Verify that your sample looks reasonable. Do this by checking whether the following two bar charts look similar:

  1. The frequencies of the top 5 names in 2014.
  2. The frequencies of the top 5 names in 2014, using your sample.

In [ ]:
n = 5
names_in_2014.sort_values("Count", ascending=False).head(n=n).plot.barh("Name", "Count") #SOLUTION
sample_names_2014.sort_values("Count", ascending=False).head(n=n).plot.barh("Name", "Count"); #SOLUTION

Are names visually related to birth-assigned sex?

When you see a name for the first time in a familiar language (for example, in a fiction book), you can probably make a guess about the sex of the person with the name. For example, a person named Almon is probably male, and a person named Alma is probably female. What patterns has your brain learned to let you make such predictions?

One simple pattern you might guess is that names of females more often end in vowels, while names of males more often end in consonants. Let's find out.

Question 11

For each letter in English, compute the proportion of males and females whose name ends with that letter. Do this by filling in the function pivot_by_ending and calling it on sample_names_2014. Use your sample table, sample_names_2014, as in the filled-in code.
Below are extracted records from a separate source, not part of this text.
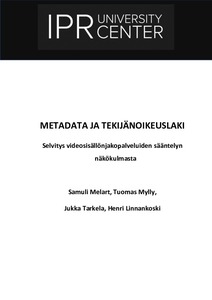 Tässä IPR University Centerin tuottamassa ja opetus- ja kulttuuriministeriön rahoittamassa selvityksessä tarkastellaan tekijänoikeudellista metadataa koskevaa sääntelyä ja käytäntöjä EU:n tekijänoikeuksia koskevan DSM-direktiivin 17 artiklan määritelmän mukaisten suurten verkkosisällönjakopalvelun tarjoajien sisällönhallinnan kontekstissa. Selvitys painottuu metadatan tarkastelussa erityisesti videosisällönjakopalveluihin, jotka säilyttävät merkittävissä määrin tekijänoikeudella suojattua sisältöä ja joiden sisältö perustuu lähes kokonaan palvelun käyttäjien tekemiin latauksiin. Erityisesti suuret videosisällönjakopalvelut käyttävät metadataa osana kehittyneitä sisällönhallintajärjestelmiänsä sisällön kuvailuun ja hallinnointiin, mukaan lukien tekijänoikeudellinen oikeuksien hallinnointi.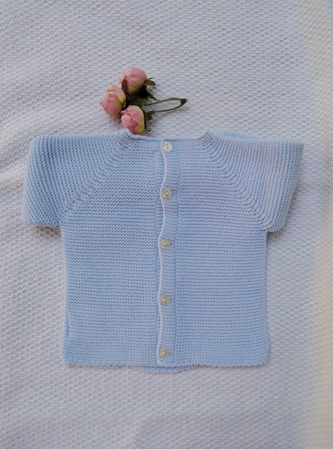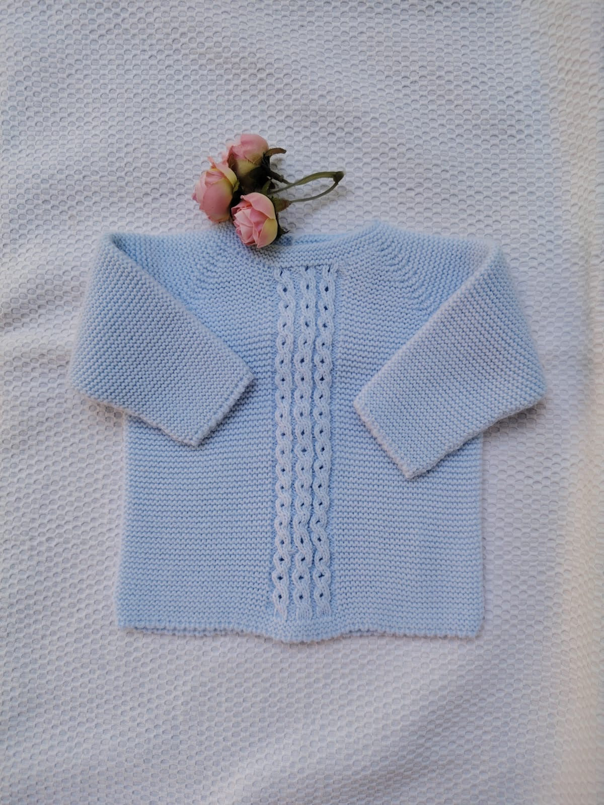 Jersey de lana celeste bebe, ochitos en el centro.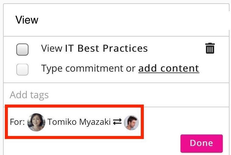 Goals and commitments can be assigned to both the manager and reportee during a one-to-one. For example, some goals or commitments might only be applicable to the manager and some might only be applicable to the reportee. To switch between users:Tap the switch icon at the bottom of a goal.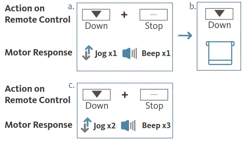 b. Press and hold (about 5 sec) “Down” and “Stop” buttons simultaneously until motor jogs x2 and beeps x3.
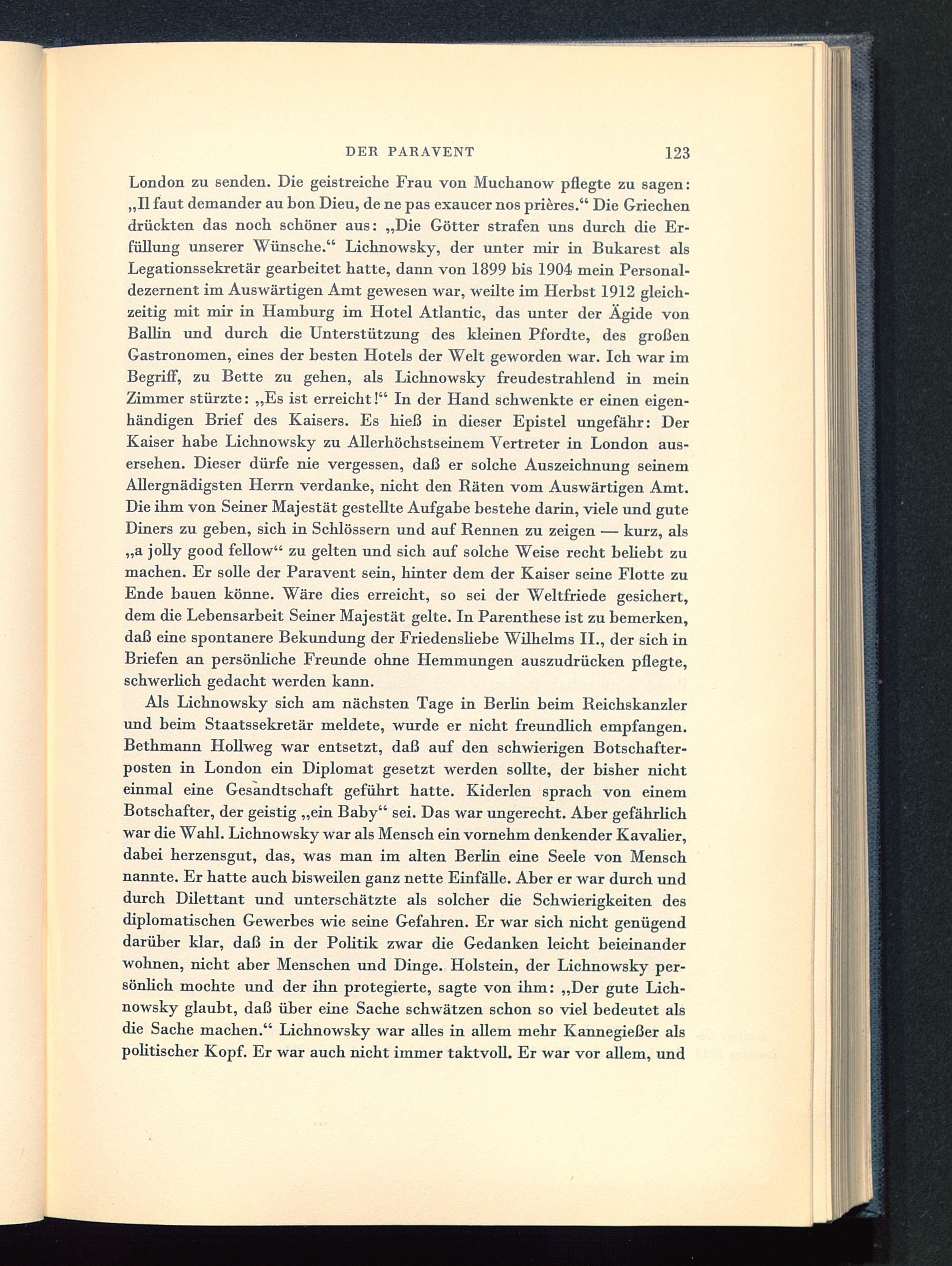 London zu senden. Die geistreiche Frau von Muchanow pflegte zu sagen:„II faut demander au bon Dieu, de ne pas exaucer nos prieres." Die Griechendrückten das noch schöner aus: „Die Götter strafen uns durch die Er-füllung unserer Wünsche." Lichnowsky, der unter mir in Bukarest alsLegationssekretär gearbeitet hatte, dann von 1899 bis 1904 mein Personal-dezernent im Auswärtigen Amt gewesen war, weilte im Herbst 1912 gleich-zeitig mit mir in Hamburg im Hotel Atlantic , das unter der Ägide vonBallin und durch die Unterstützung des kleinen Pfordte, des großenGastronomen, eines der besten Hotels der Welt geworden war. Ich war imBegriff, zu Bette zu gehen, als Lichnowsky freudestrahlend in meinZimmer stürzte: „Es ist erreicht!" In der Hand schwenkte er einen eigen-händigen Brief des Kaisers. Es hieß in dieser Epistel ungefähr: DerKaiser habe Lichnowsky zu Allerhöchstseinem Vertreter in London aus-ersehen. Dieser dürfe nie vergessen, daß er solche Auszeichnung seinemAllergnädigsten Herrn verdanke, nicht den Bäten vom Auswärtigen Amt .Die ihm von Seiner Majestät gestellte Aufgabe bestehe darin, viele und guteDiners zu geben, sich in Schlössern und auf Bennen zu zeigen — kurz, als„a jolly good fellow" zu gelten und sich auf solche Weise recht behebt zumachen. Er solle der Paravent sein, hinter dem der Kaiser seine Flotte zuEnde bauen könne. Wäre dies erreicht, so sei der Weltfriede gesichert,dem die Lebensarbeit Seiner Majestät gelte. In Parenthese ist zu bemerken,daß eine spontanere Bekundung der Friedenshebe Wilhelms IL, der sich inBriefen an persönliche Freunde ohne Hemmungen auszudrücken pflegte,schwerhch gedacht werden kann.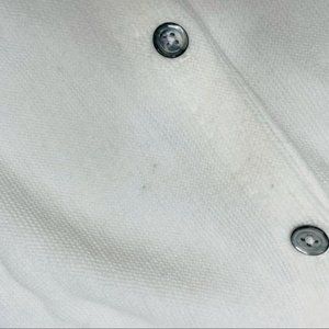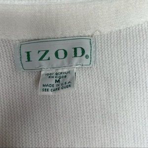 Vintage white izod button up cardigan sweater size medium . Small spot on the front as shown . Can be washed off I just wasn’t sure how to launder it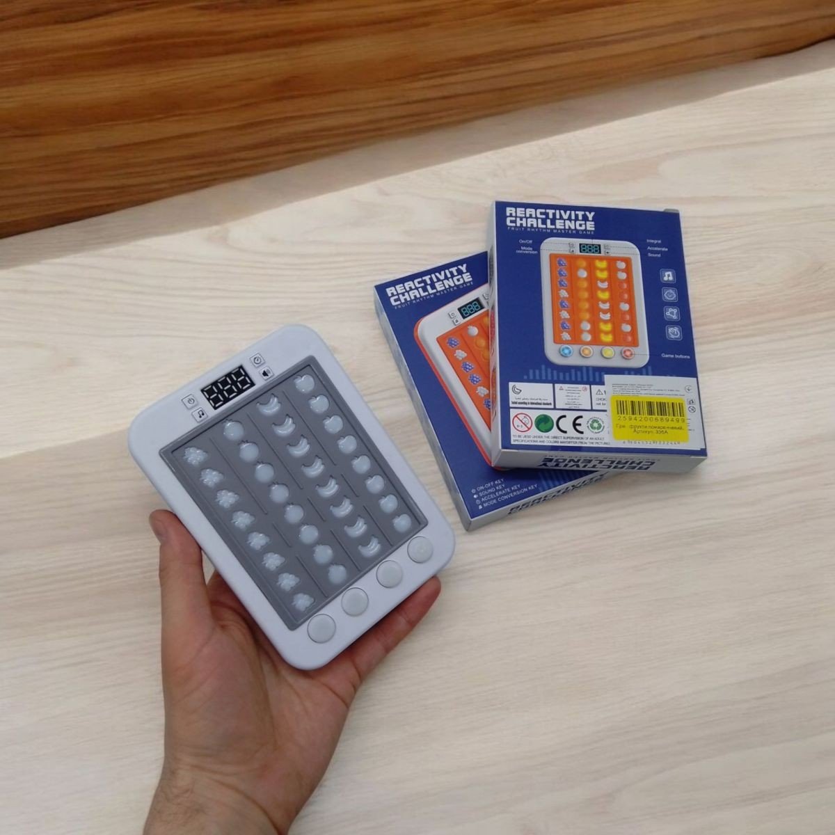 Цікава музична ритм-гра. Виконана у формі невеликої консолі. Завдання гравця - вчасно натискати на кнопки дотримуючись вказівок LED-індикаторів (індикатор поступово опускається до кнопки, і коли наблизиться впритул - потрібно кнопку натиснути). Звуковий супровід створює атмосферу справжнього музичного шоу. Гра має 7 рівнів (перемикаються кнопкою із зображенням ноти) та 3 швидкості (перемикаються кнопкою із зображенням таймера). Можна регулювати гучність (кнопка із зображенням динаміка). Розмір консолі - 15х11х2,3 см. Працює від 3-х батарейок ААА (немає в комплекті).

Your table should look like this (but with different values and with 26 rows):

Ending F M
a .7 .3
b .2 .8

In [ ]:
def pivot_by_ending(names):
    """Find the last letter of each name in the given table and pivot by
    that value and by gender.
    
    Args:
        names (pd.DataFrame): A table like `names_in_2014`, having at least
                              the following columns:
                               * 'Name': A column of strings
                               * 'Gender': A column of strings 'F' or 'M'
                               * 'Count': A column of integers, the number
                                 of individuals represented by each row
    Returns:
        pd.DataFrame: A table pivoted by last letter of name and by gender.
                      See above for an example."""
    # This solution is slick, but it's fine to instead use
    # apply or a list comprehension.
    with_ending = names.assign(Ending = names["Name"].str[-1])
    return with_ending.pivot_table(
        index=['Ending'], # column(s) that will index the pivoted table
        columns=['Gender'], # Each value in this column (or columns) will get its own column in the pivoted table.
        values='Count', # the field to process in each group
        aggfunc='sum', # the operation to apply to the collection of field values in each group
        fill_value=0 # the default value for an empty cell in the resulting table
    )

sample_names_2014_by_ending = pivot_by_ending(sample_names_2014)

In [ ]:
_ = ok.grade('q11')
_ = ok.backup()

Run the next cell to make a bar chart of your results. (The male proportion is 1 minus the female proportion.)


In [ ]:
def compute_proportions(pivoted_by_letter):
    totals = pivoted_by_letter['M'] + pivoted_by_letter['F']
    return pd.DataFrame({
            "Ending": pivoted_by_letter.index.values,
            "Male proportion": pivoted_by_letter['M'] / totals,
            "Female proportion": pivoted_by_letter['F'] / totals})

proportions_in_2014_sample = compute_proportions(sample_names_2014_by_ending).sort_values("Female proportion", ascending=False)
proportions_in_2014_sample[["Female proportion"]].plot.bar(color="Pink");

Question 12

Discuss what the chart tells us. Is there a strong association between sex and the last letter of a name in our sample?

Uncertainty

The bar chart was built from a sample. It's possible that the relationships we saw don't really exist in the full dataset.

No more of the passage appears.